In Indian military circles, the evolution is described more cautiously. Chief of the Army Staff General Upendra Dwivedi said in his 2025 Army Day address that “the army is fully capable of meeting simultaneous threats on the northern and western fronts.” The 2025 edition of the Indian Army’s Land Warfare Doctrine emphasised “integrated battle groups” and “multi‑domain deep strikes,” language that Islamabad interprets as a blueprint for limited war under the nuclear threshold. India’s testing of the Agni‑VI ICBM in April 2026 and the commissioning of the indigenous aircraft carrier INS Vishal reinforced the message of comprehensive power projection.
Nevertheless, many international security experts view the two‑front capability as aspirational. “India has made remarkable strides, but logistics, budget constraints, and the reality of Chinese military mass mean that a full two‑front conflict is a planning scenario, not an imminent operational possibility,” said Ashley Tellis of the Carnegie Endowment in a May 2026 lecture. Pakistan, meanwhile, counters India’s conventional superiority with its full‑spectrum deterrence, developing short‑range tactical nuclear weapons like the Nasr missile precisely to signal that any Indian “surgical” adventure could spiral uncontrollably.
The tragedy, as a former Indian Navy chief put it privately to this author, “is that both sides are investing in capabilities while refusing to invest in dialogue. The result is a structural instability where a single miscalculation could tip the subcontinent into catastrophe.”
Conclusion: Narratives As Weapons.
What emerges from this survey is a dense, mutually reinforcing ecosystem of accusation. Pakistan’s construction of India as a hydra‑headed aggressor using water, proxies, diplomatic isolation, false flags, and hate speech reflects a genuine strategic anxiety. Still, it also functions as a sophisticated domestic and international communications strategy. By externalising blame, Islamabad manages its own fragilities, from a sputtering economy to a resurgent internal terrorism challenge.
India’s parallel narrative, that Pakistan remains the world’s terrorism hub and that its own military activism is a necessary response, has been successful in changing the global conversation. Still, it has not eliminated the underlying drivers of conflict. As of May 2026, the two nuclear‑armed states are not talking, their respective intelligence agencies are locked in a shadow war, and their publics are fed a steady diet of existential threat.
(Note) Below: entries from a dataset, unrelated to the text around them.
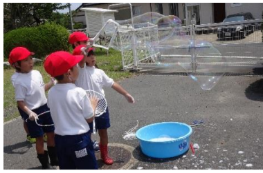
1-1 あそぼう！つたえよう！ ここにこたんけんたい
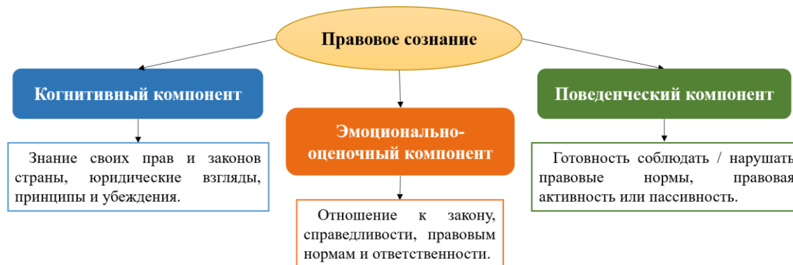
Рисунок 1. Компоненты правового сознания

По данным структурам правового сознания составлена схема для обобщения и визуализации (см. Рисунок 1).
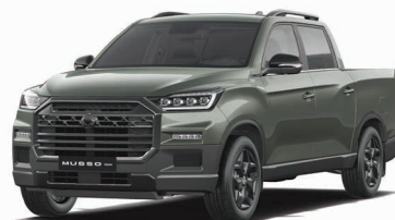
AMAZONIA green metalizat (GAM)
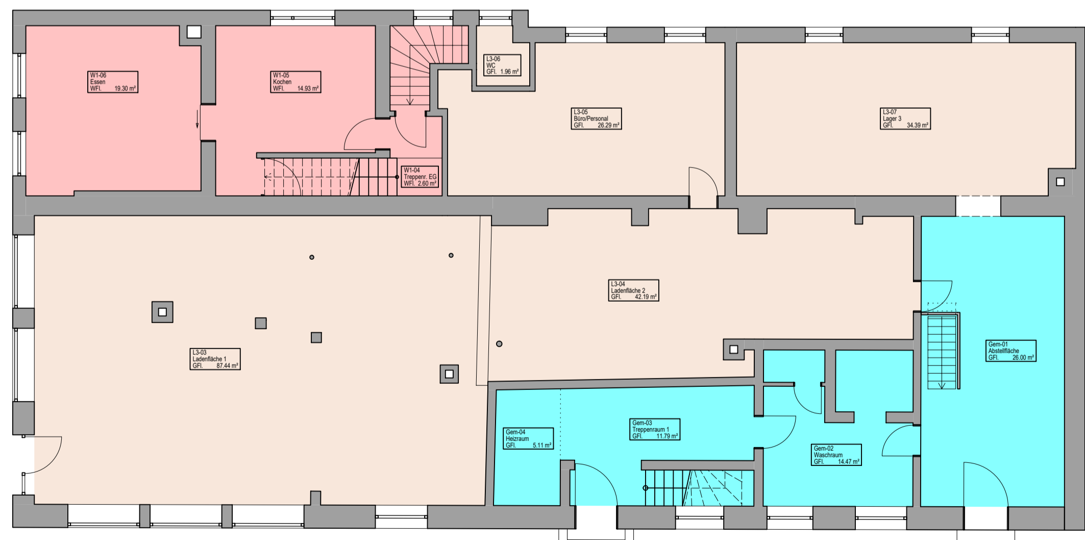
Grundriss EG M 1:100
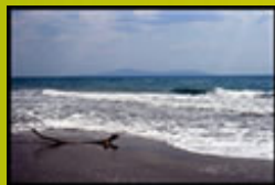
Spiaggia di Alberese

Qui all'Agriturismo Serratone, speriamo ancora una volta di avervi dato una opportunità ed una idea per trascorrere le vostre vacanze in Maremma!Vi aspettiamo, con o senza barca! A presto!

“The real danger is that narratives, over time, become self‑fulfilling,” warned a retired Pakistani lieutenant general, speaking on condition of anonymity, over tea in a Rawalpindi drawing room. “If you constantly tell your people that the other side is planning a false‑flag and a two‑front war, any small border incident gets read as confirmation, and then the pressure to respond becomes unbearable.”
On the 31st of May 2026, with the Indus running low, another terrorist attack being investigated in Jammu’s Kathua district, and both sides rehearsing their prepared lines, that warning has never felt more urgent.